§ Provided records
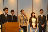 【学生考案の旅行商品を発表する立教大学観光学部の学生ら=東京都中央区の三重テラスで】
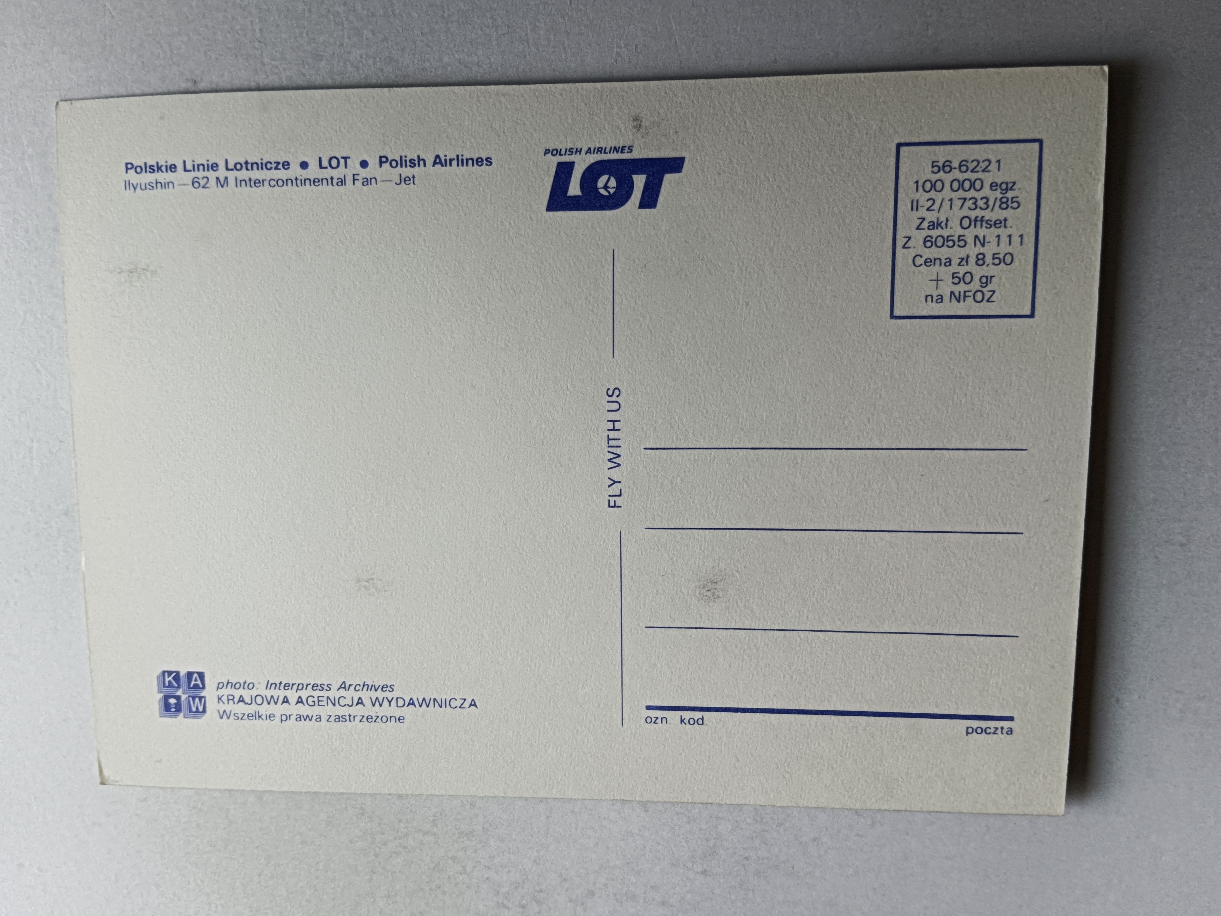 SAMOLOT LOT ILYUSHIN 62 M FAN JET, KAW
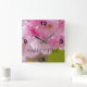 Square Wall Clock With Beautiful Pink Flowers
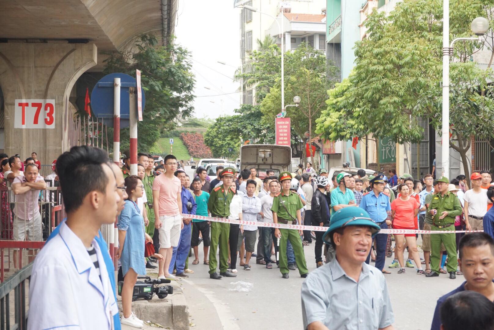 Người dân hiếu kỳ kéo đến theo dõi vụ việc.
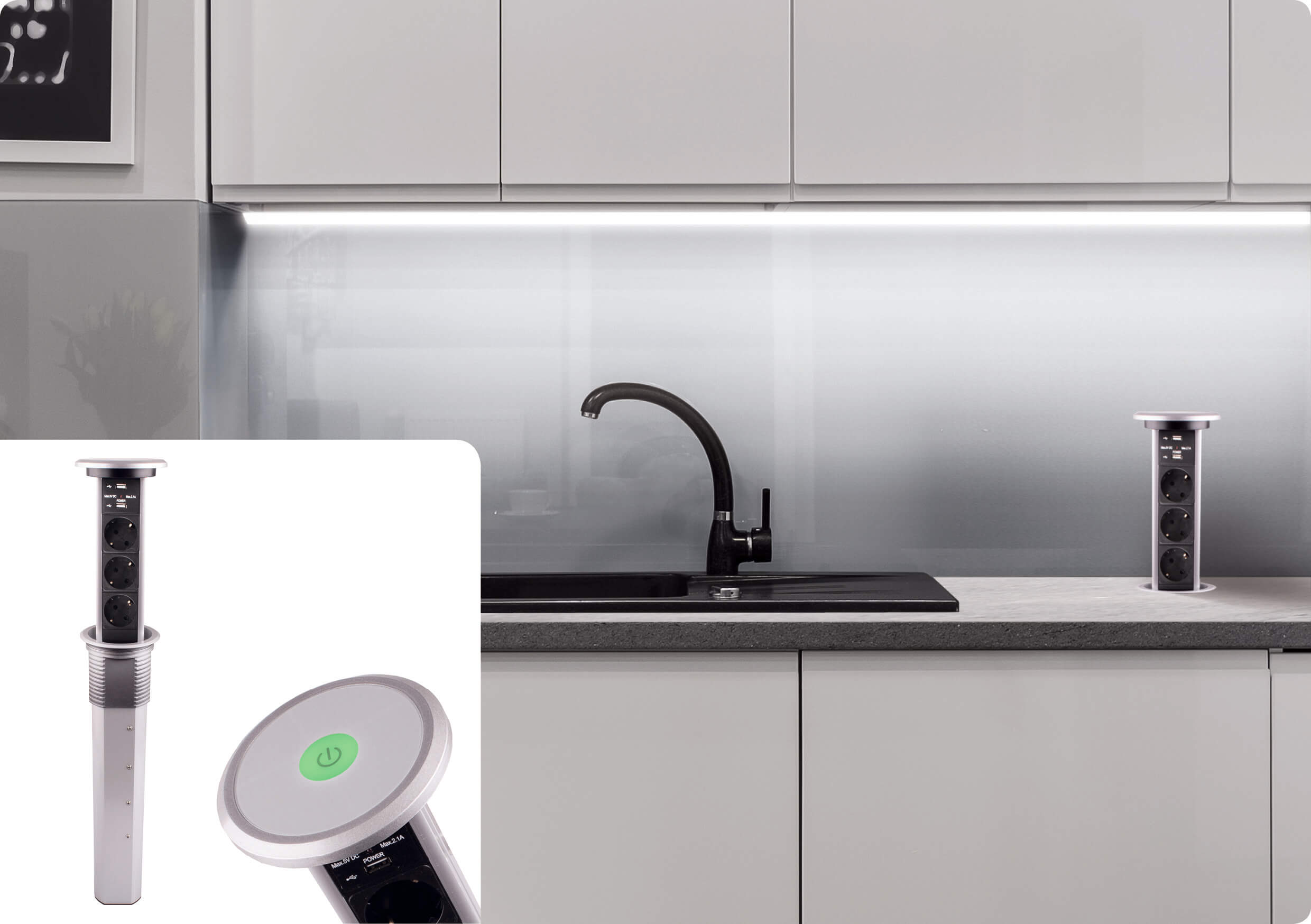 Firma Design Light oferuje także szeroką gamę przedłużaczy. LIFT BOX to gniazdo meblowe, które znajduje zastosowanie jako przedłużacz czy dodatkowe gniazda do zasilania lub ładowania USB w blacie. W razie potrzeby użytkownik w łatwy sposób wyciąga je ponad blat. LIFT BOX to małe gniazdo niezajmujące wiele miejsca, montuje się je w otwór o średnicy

§ Assignment
Write out the whole listing above exactly; do not include the pictures.

§ Answer for the task
 【学生考案の旅行商品を発表する立教大学観光学部の学生ら=東京都中央区の三重テラスで】
 SAMOLOT LOT ILYUSHIN 62 M FAN JET, KAW
 Square Wall Clock With Beautiful Pink Flowers
 Người dân hiếu kỳ kéo đến theo dõi vụ việc.
 Firma Design Light oferuje także szeroką gamę przedłużaczy. LIFT BOX to gniazdo meblowe, które znajduje zastosowanie jako przedłużacz czy dodatkowe gniazda do zasilania lub ładowania USB w blacie. W razie potrzeby użytkownik w łatwy sposób wyciąga je ponad blat. LIFT BOX to małe gniazdo niezajmujące wiele miejsca, montuje się je w otwór o średnicy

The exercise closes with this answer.